LA CORTE SUPREMA DI CASSAZIONE

SEZIONE TERZA CIVILE

Composta dagli Ill.mi Sigg.ri Magistrati:

Dott. CHIARINI Maria Margherita – Presidente –

Dott. ARMANO Uliana – Consigliere –

Dott. SCODITTI Enrico – rel. Consigliere –

Dott. GRAZIOSI Chiara – Consigliere –

Dott. BARRECA Giuseppina Luciana – Consigliere –

ha pronunciato la seguente:

ORDINANZA

sul ricorso 22246/2014 proposto da:

L.G., elettivamente domiciliato in (OMISSIS), presso il

suo studio rappresentato e difeso da se medesimo;

– ricorrente –

contro

S.G.T., elettivamente domiciliato in (OMISSIS),

presso il suo studio rappresentato e difeso da se medesimo;

B.A., elettivamente domiciliato in ROMA, VIA MONTE SANTO

10/A, presso lo studio dell’avvocato ALESSANDRO FOSCHIANI, che lo

rappresenta e difende giusta procura a margine del controricorso;

– controricorrenti –

e contro

MILANO ASSICURAZIONI SPA;

– intimata –

avverso la sentenza n. 289/2014 della CORTE D’APPELLO di ROMA,

depositata il 15/01/2014;

udita la relazione della causa svolta nella camera di consiglio del

12/04/2017 dal Consigliere Dott. ENRICO SCODITTI.

Fatto

FATTO E DIRITTO

Rilevato che:

L’avv. L.G. propose ricorso ai sensi dell’art. 28 legge 13 giugno 1942 n. 794 innanzi al Tribunale di Roma chiedendo la liquidazione delle proprie competenze per l’assistenza giudiziale prestata, su incarico dell’avv. S.G.T., in favore del dott. B.A. in una causa civile in cui quest’ultimo era stato convenuto per il risarcimento dei danni. Stante la costituzione dell’avv. S.G., con cui si contestava l’esistenza dell’incarico professionale, il Tribunale dispose il mutamento del rito e nel giudizio si costituì altresì il B., chiamando in garanzia Milano Assicurazioni s.p.a.. Il Tribunale adito accolse la domanda, condannando l’avv. S.G.T. al pagamento in favore dell’attore della somma di Euro 70.792,62 oltre accessori, il dott. B.A. a tenere indenne l’avv. S.G. di quanto questi avesse corrisposto e Milano Assicurazioni s.p.a. a tenere indenne il B. di quanto questi avesse corrisposto fino alla concorrenza di Euro 23.597,53; disattese inoltre la domanda ai sensi dell’art. 2041 c.c., proposta nei confronti del B. dall’avv. L..

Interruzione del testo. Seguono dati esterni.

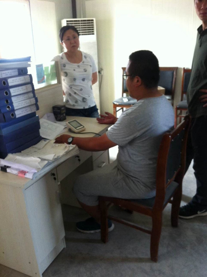 就在這樣一個炎熱的夏日,公司畢大夫與李明俊不顧酷暑一起來到工地,給大家送來了電子血壓儀,畢大夫親自給大家示范,并詳細(xì)的詢問工地職工的在職情況,唯恐漏下一個員工,為公路一線職工的身體健康添加了一道安全的防火線。

Avverso detta sentenza proposero distinti appelli l’avv. S.G.T., il dott. B.A. e Milano Assicurazioni s.p.a.. Si costituì in ciascuno dei giudizi di appello l’avv. L.G., spiegando in taluni di essi appello incidentale. Con sentenza di data 15 gennaio 2014 la Corte d’appello di Roma, previa riunione dei giudizi, accolse l’appello proposto dall’avv. S.G.T., rigettando l’appello proposto dal dott. B.A. e dichiarando assorbiti gli appelli incidentali proposti dall’avv. L.G. e per l’effetto rigettò la domanda proposta dall’avv. L.G. nei confronti dall’avv. S.G.T., dichiarò che il dott. B.A. non era tenuto a tenere indenne l’avv. S.G.T. ed ordinò la restituzione delle somme versate da quest’ultimo in favore del L..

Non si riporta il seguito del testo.